Samochód spadł z mostu do Odry, kierowca zginął
30-letni mężczyzna zginał w wypadku do jakiego doszło po południu w Kędzierzynie-Koźlu. Samochód, którym kierował, spadł z mostu do Odry - powiedział oficer prasowy kędzierzyńskiej policji, nadkom. Włodzimierz Kominek.
_ Do wypadku doszło po godz. 15.00 na trasie z Koźla do Kędzierzyna. Kierujący BMW nie dostosował prędkości do warunków na drodze. Jego samochód wpadł w poślizg, przejechał na przeciwległy pas ruchu, przebił barierę i spadł z mostu do rzeki_ - relacjonował policjant.

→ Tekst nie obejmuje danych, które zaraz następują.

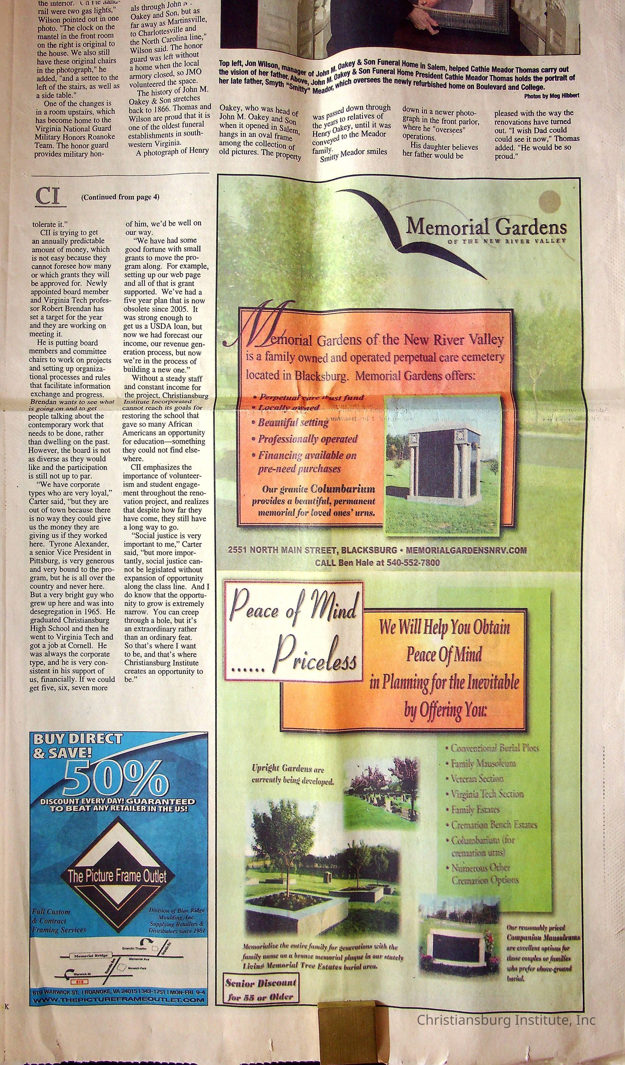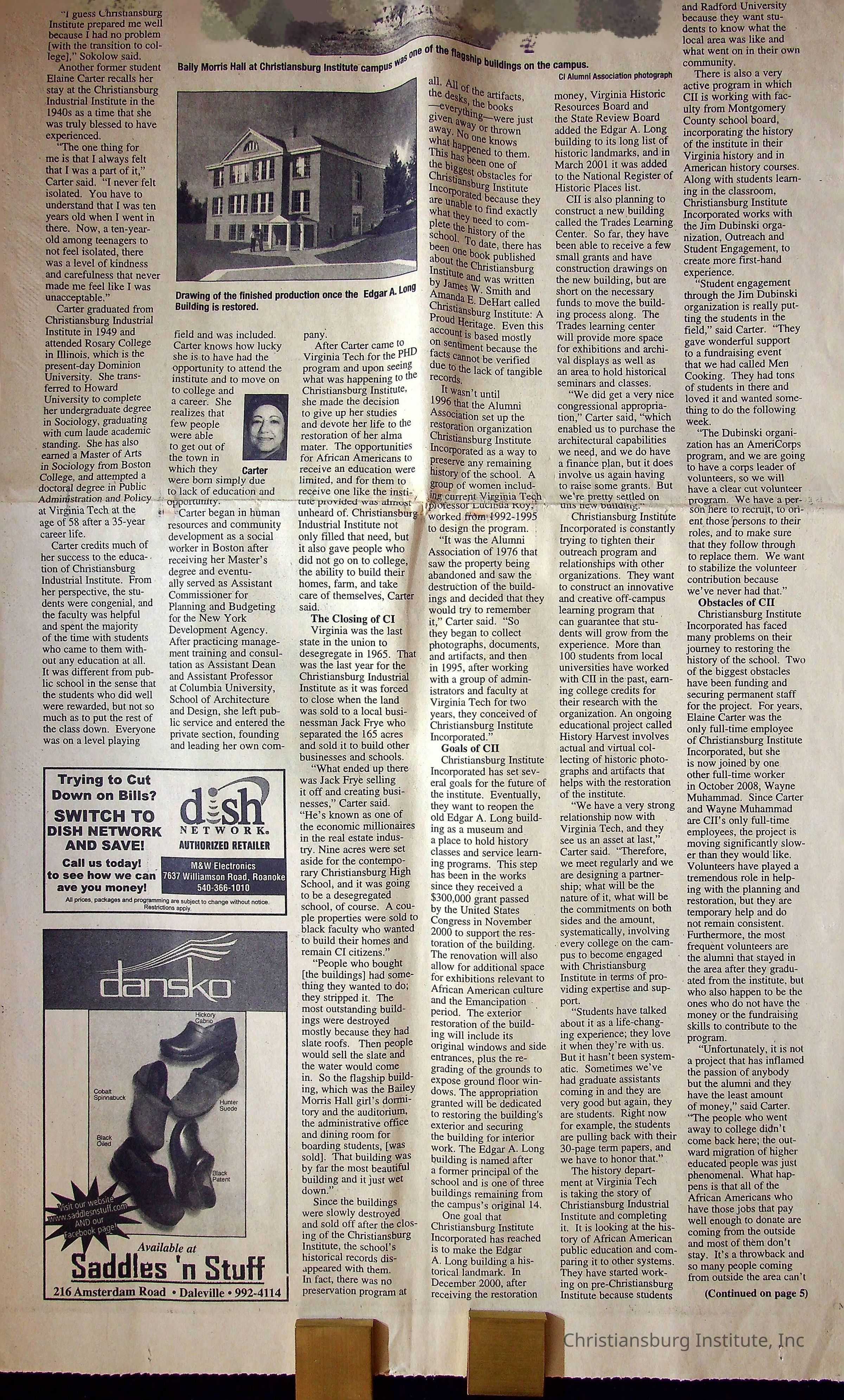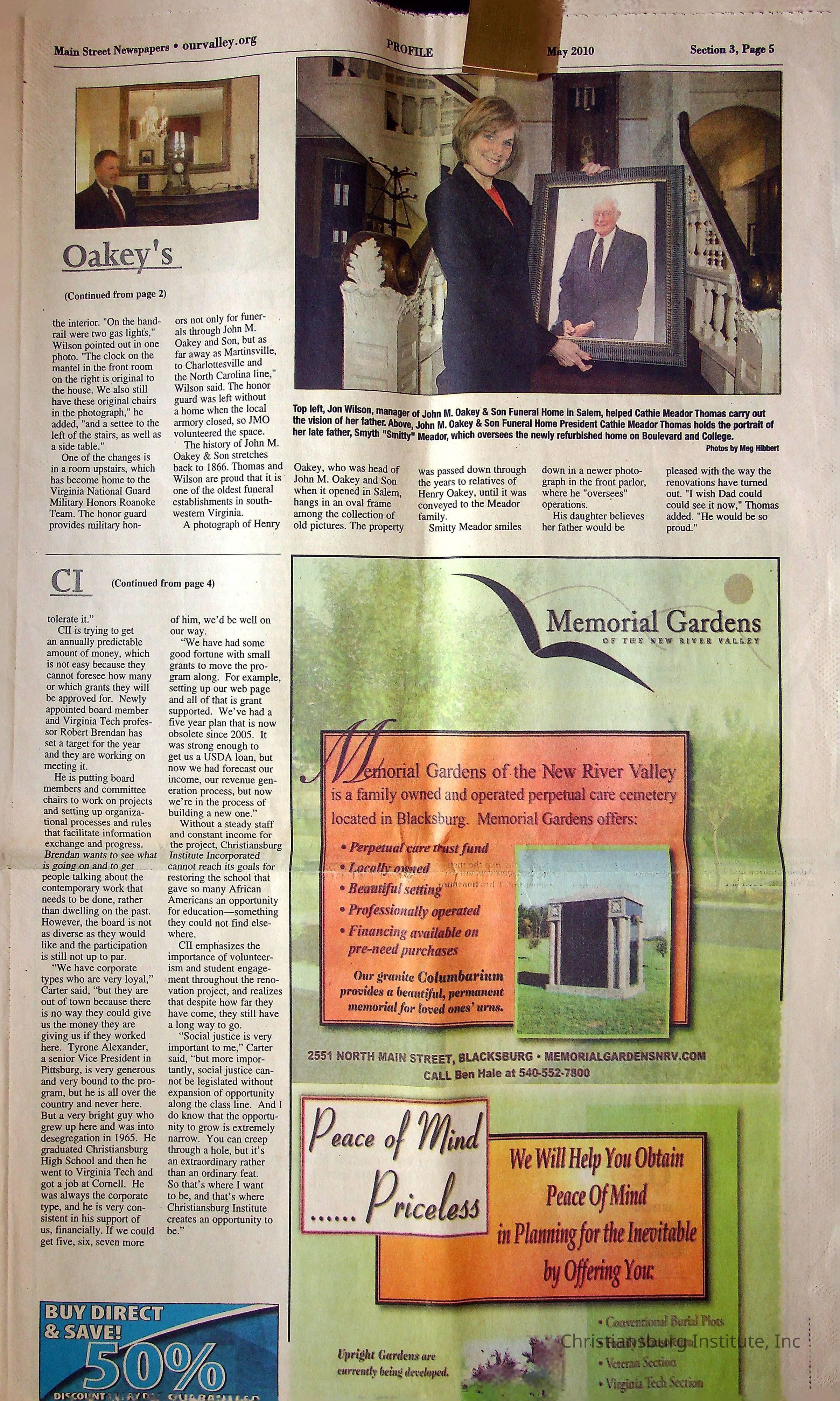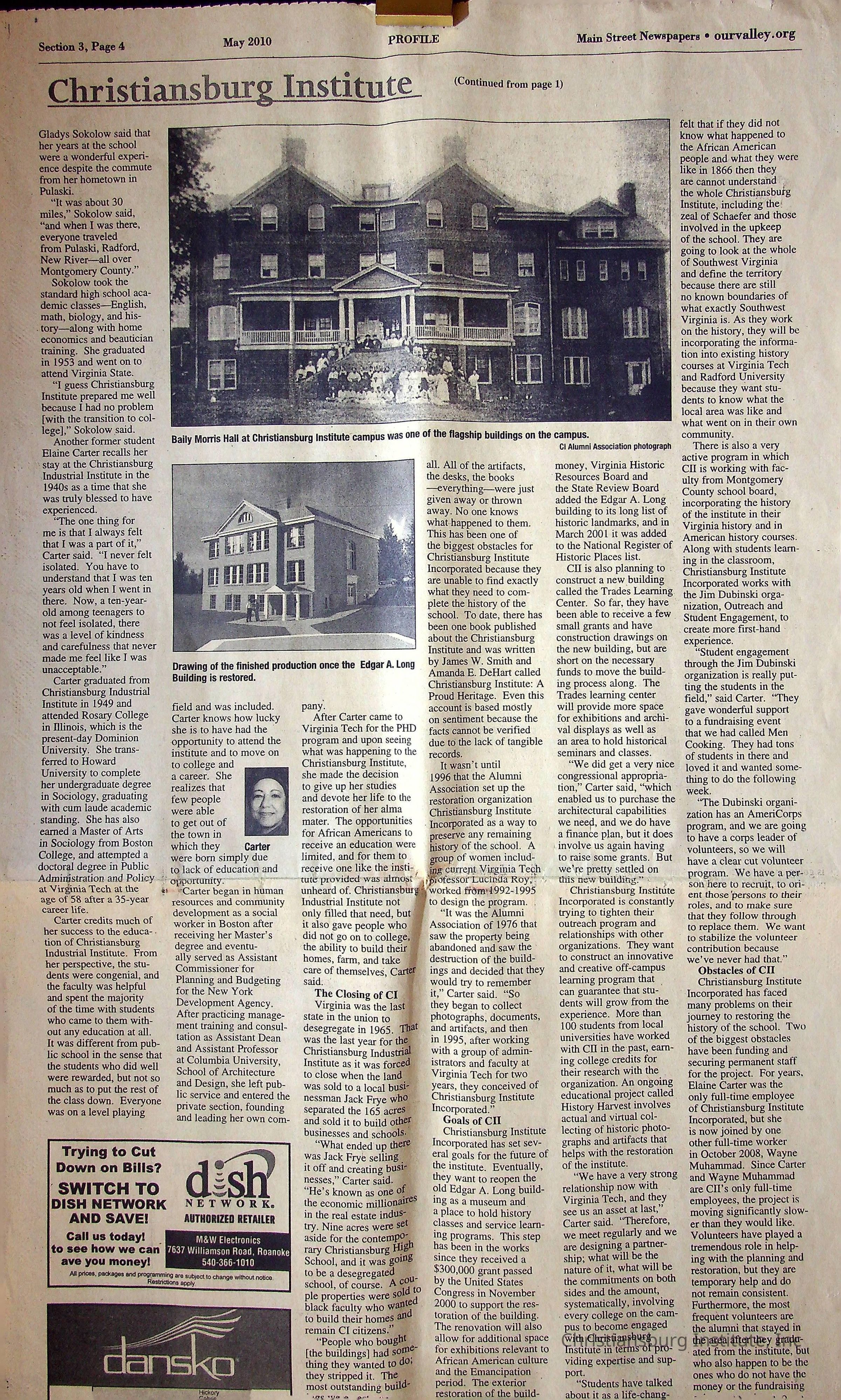 A newspaper clipping from Main Street Newspapers from May 2010 that discusses Christiansburg Institute.Collection
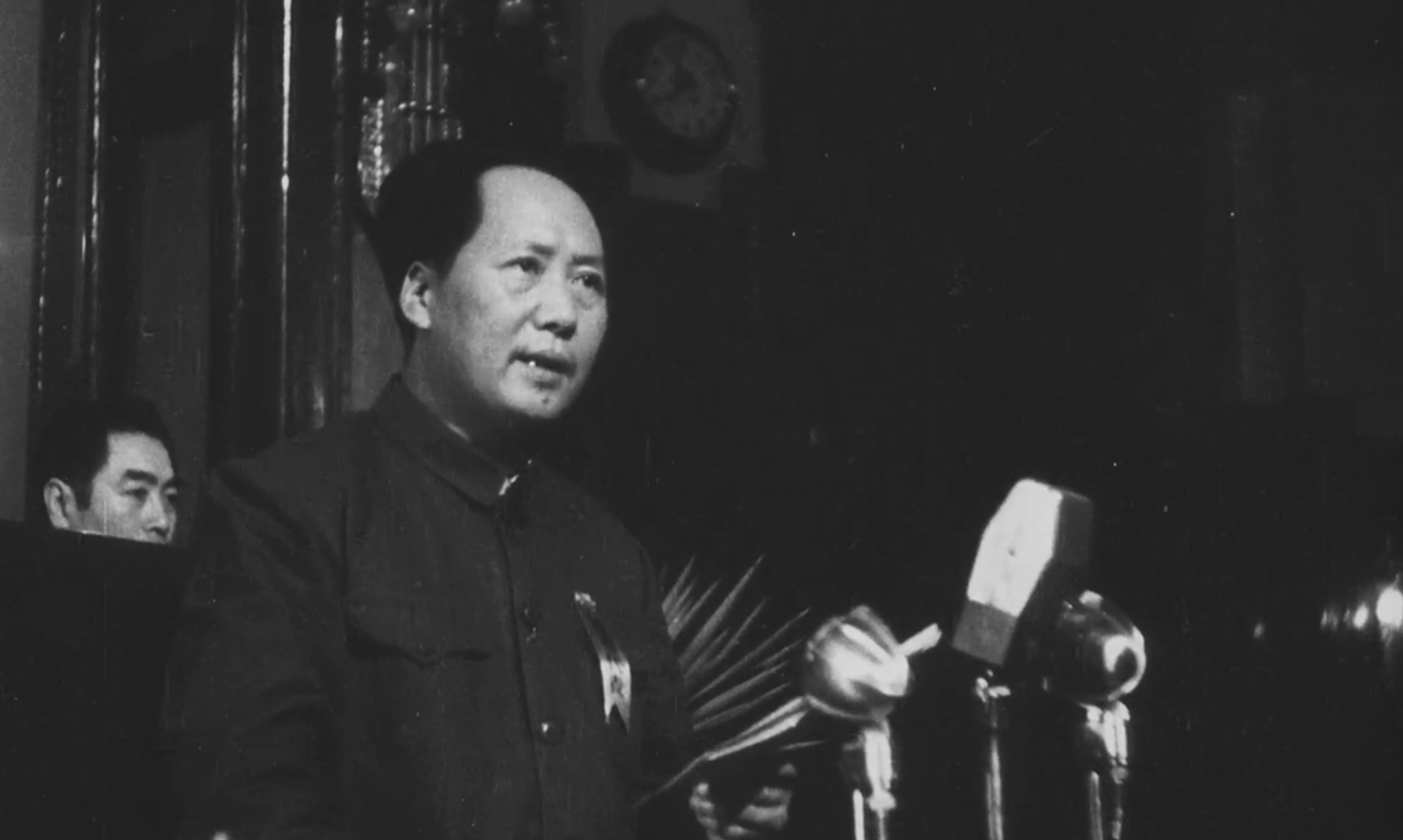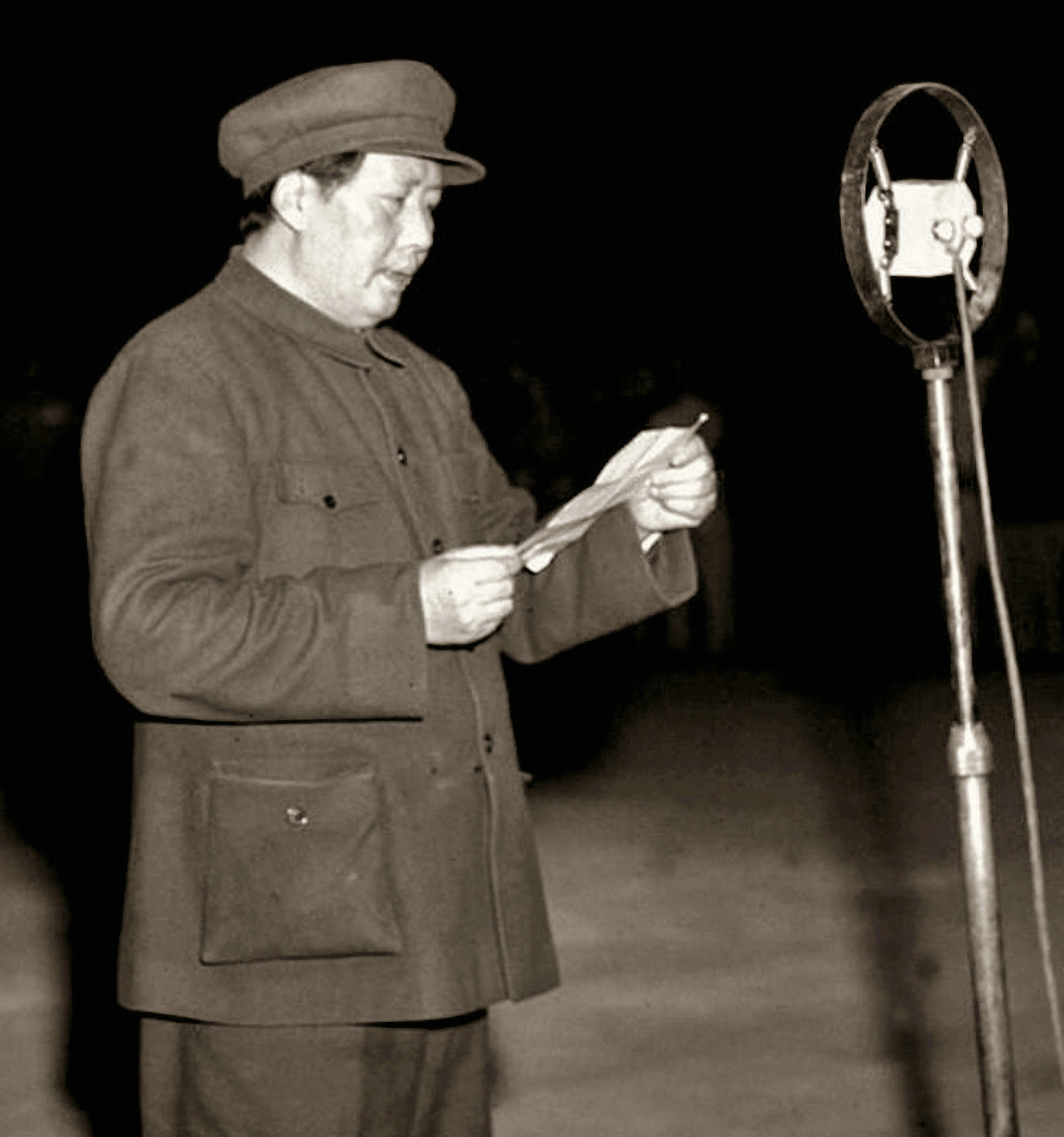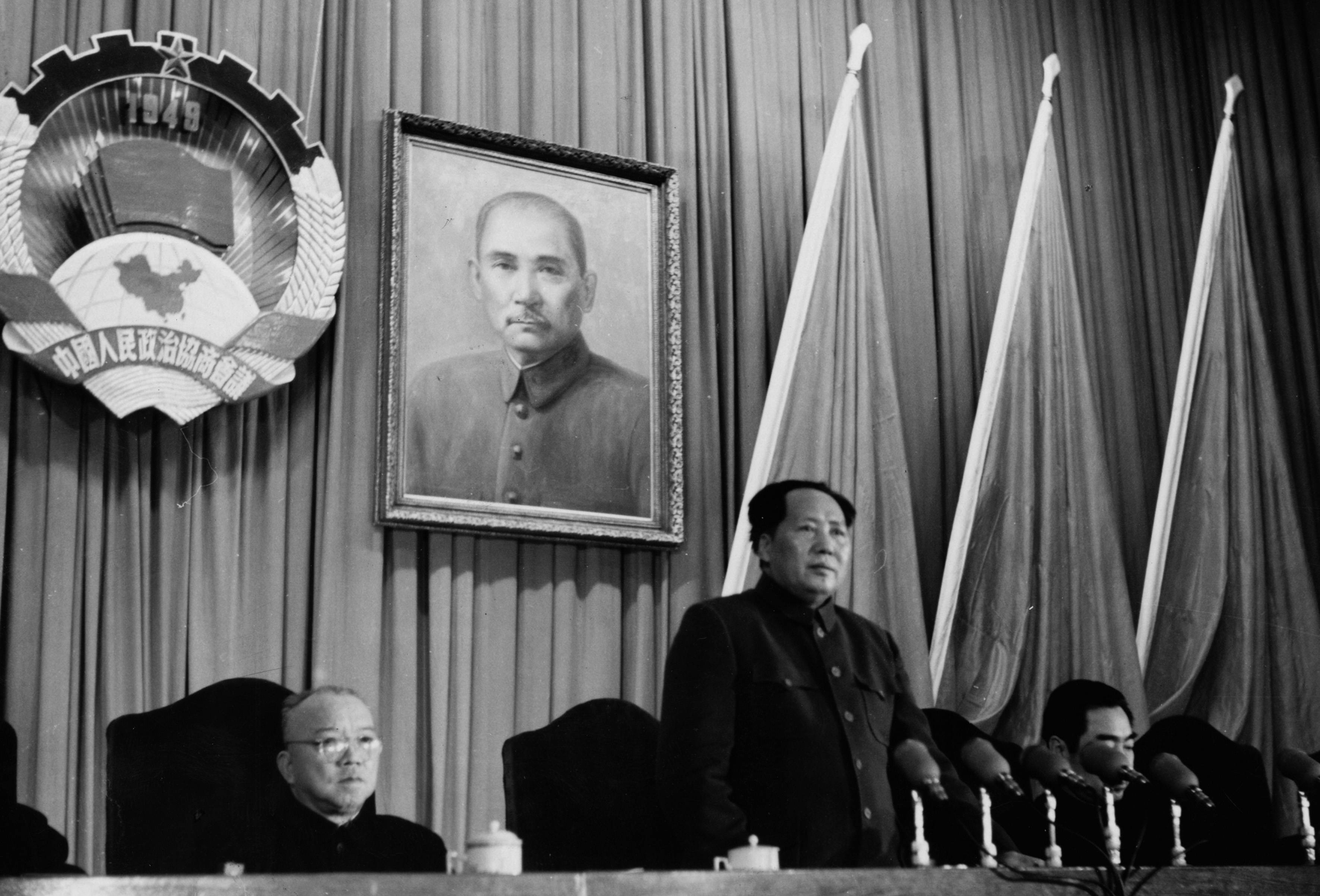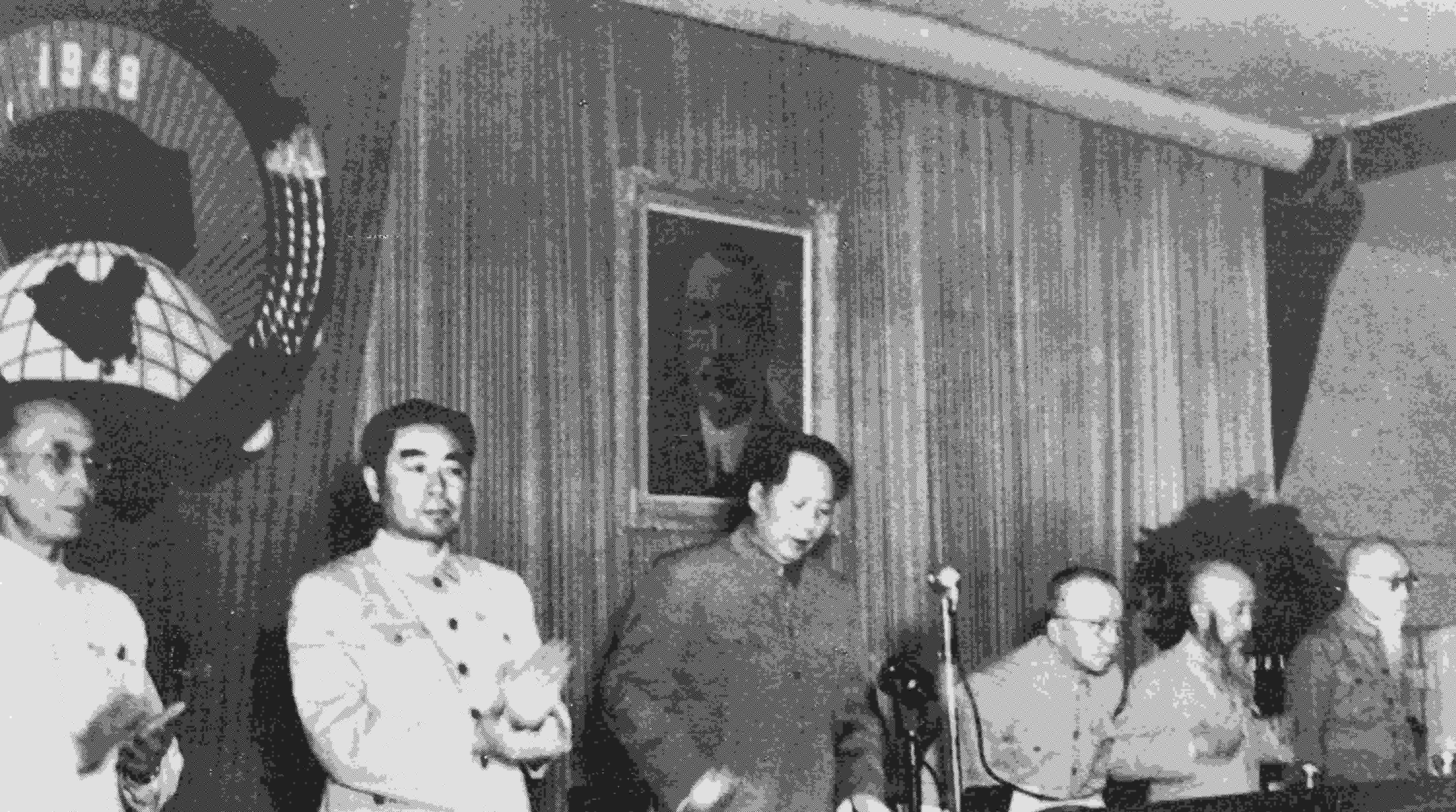 ▲毛澤東宣讀《中華人民共和國中央人民政府公告》

Wezwana na miejsce ekipa płetwonurków przeszukała wrak samochodu i rzekę. Pierwsze zeznania świadków wskazywały na to, że w samochodzie byli również pasażerowie. Poszukiwania nic nie dały. Na tę chwilę przyjmujemy, że kierowca jechał sam - zaznaczył Kominek.
Dodał, że w tym samym miejscu już wcześniej dochodziło do podobnych zdarzeń. Nadmierna prędkość w połączeniu ze śliską nawierzchnią doprowadza do takich tragicznych wypadków - podsumował nadkom. Kominek.